Share

Torturing the statistics until they confess

ANYONE who has spent any amount of time reading economic journals will have come across a number of instances where people with PhDs in econometrics and many years' modelling experience criticise complex research published by other people with PhDs in econometrics and many years' modelling experience.

Unfortunately, even far simpler representations of statistics can be misrepresented and criticised. This report deals with a few of the more basic issues, from the perspective of a user of economic statistics in South Africa.

There are two ways in which economic data tends to be presented to SA's investment community. The first is by pretty graphs, which show good "eyeball" relationships (only sometimes with any attempt to actually establish a statistical relationship between the variables presented). The second is a bombardment of seemingly impressive correlations between variables.

Playing with pictures

Charts showing seemingly good relationships between variables are the default method to present theories about the way economies and markets work.
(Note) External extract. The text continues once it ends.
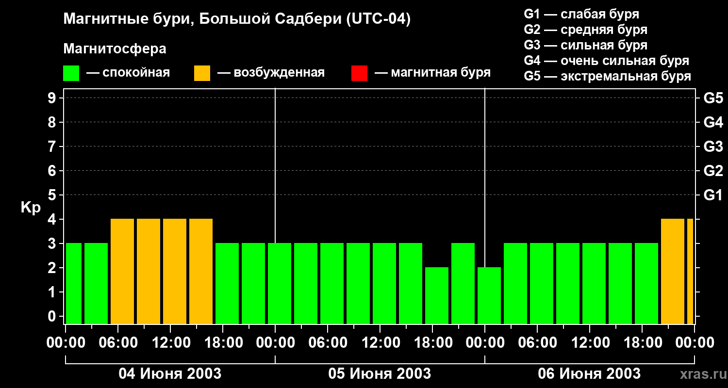 Изменения геомагнитного индекса Kp с 4 по 6 июня 2003 года для средних широт
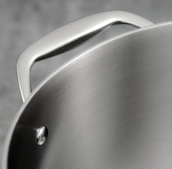 - Precision cast riveted handles and mirror-polished stainless-steel lid

The two questions to ask when confronted with charts are: Why has the analyst chosen the timeframe that she/he has to present the data? And why has the analyst chosen to use particular Y-axis scales?

The first-mentioned in particular is subject to abuse. For example, I've seen a chart which "proves" that US Federal Reserve Bank cannot influence inflation, by illustrating high inflation rates in the US.

However, that chart starts at the first oil price shock in 1973 and ends before the first inflation hawk, Paul Volcker, took over at the Fed. It tells us absolutely nothing about how the Fed currently reacts to inflation.

Sometimes there are valid reasons to use timescales that are shorter than the available data - for example, if there's been a structural change in the variables being measured (indeed, that would be a good reason to exclude, for example, the above-mentioned time period when looking at how the Fed responds to inflation).

Often, however, it's the case simply that longer timescales either don't suit the analysis or do not "look" as good (which is why the back-up of a correlation coefficient is always useful).

For example, Chart 1 shows the relationship between the rand/US dollar exchange rate and the JP Morgan Emerging Markets Bond index spread since mid-2002. The chart looks great.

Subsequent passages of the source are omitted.